Happy Anniversary, my love
I canNOT believe I almost let this day go by without notice. How could I be so forgetful? Wow. I’m usually the one who remembers every significant day, every anniversary, birthday, “first-time-I-ever” whatevered. But today, I’ll admit. I forgot. And I am ashamed. Had I not read your sweet “Happy Anniversary” e-mail, this special day might have slipped by like any other.
It seems like we’ve been together forever, but I know that it has only been three (maybe four?) years. I can’t remember life before you. No. That’s a lie. I do remember it. It pretty much sucked. I was missing out on so much before you. You broadened my horizons and taught me to like so many new things that I would never have found without you. From the start, I could turn to when I was lonely, sad, and even when I was bored. Today, you are still, always there for me. Ever faithful and reliable.
I remember when we first met, we spent SO much time together. I loved how you greeted me when I walked through my door after a long day at wotk, the sound of your voice was so inviting and cheerful. We spent many a late night together too, and sometimes I would curse you when I awoke the next morning to go to work. It seemed I was addicted to you, and I know you were turned on too. You were always ready for me. Shoot. I don’t think I could even turn you off. Is that possible?

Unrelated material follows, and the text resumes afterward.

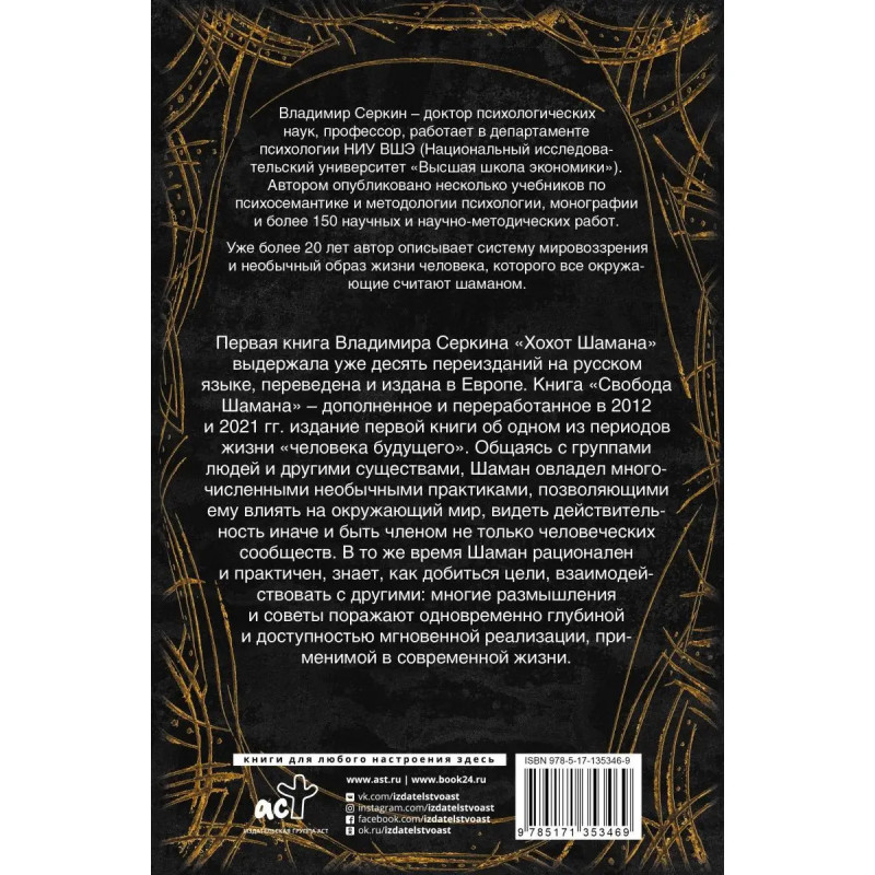 Владимир Серкин доктор психологических наук, профессор, работает в департаменте психологии НИУ ВШЭ (Национальный исследовательский университет Высшая школа экономики). Автором опубликовано несколько учебников по психосемантике и методологии психологии, монографии и более 15 научных и научно-методических работ. Уже более 2 лет автор описывает систему мировоззрения и необычный образ жизни человека, которого все окружающие считают шаманом.

My sweet, adorable one. Thank you for reminding me (by automated e-mail…so what?) of the day you came into my life. To you I say, “kiss kiss sweet nothing mushy mushy, my little schmoopsie-kins.”
so clever. i almost thought you were writing about matte. but then i realized i felt the same way about my time-warner dvr. it loves me so much it remembers my favorites. now i will never miss another episode of antm!
You are too funny. I feel the same way about my TiVo though. It’s so hard to imagine life without it now.
Ohh, how I Love my TiVo! always dependable, and attentive to my every viewing need!
Sorry, but I DON’T remember life without TiVo. It must have been so shallow, so chaotic, so empty.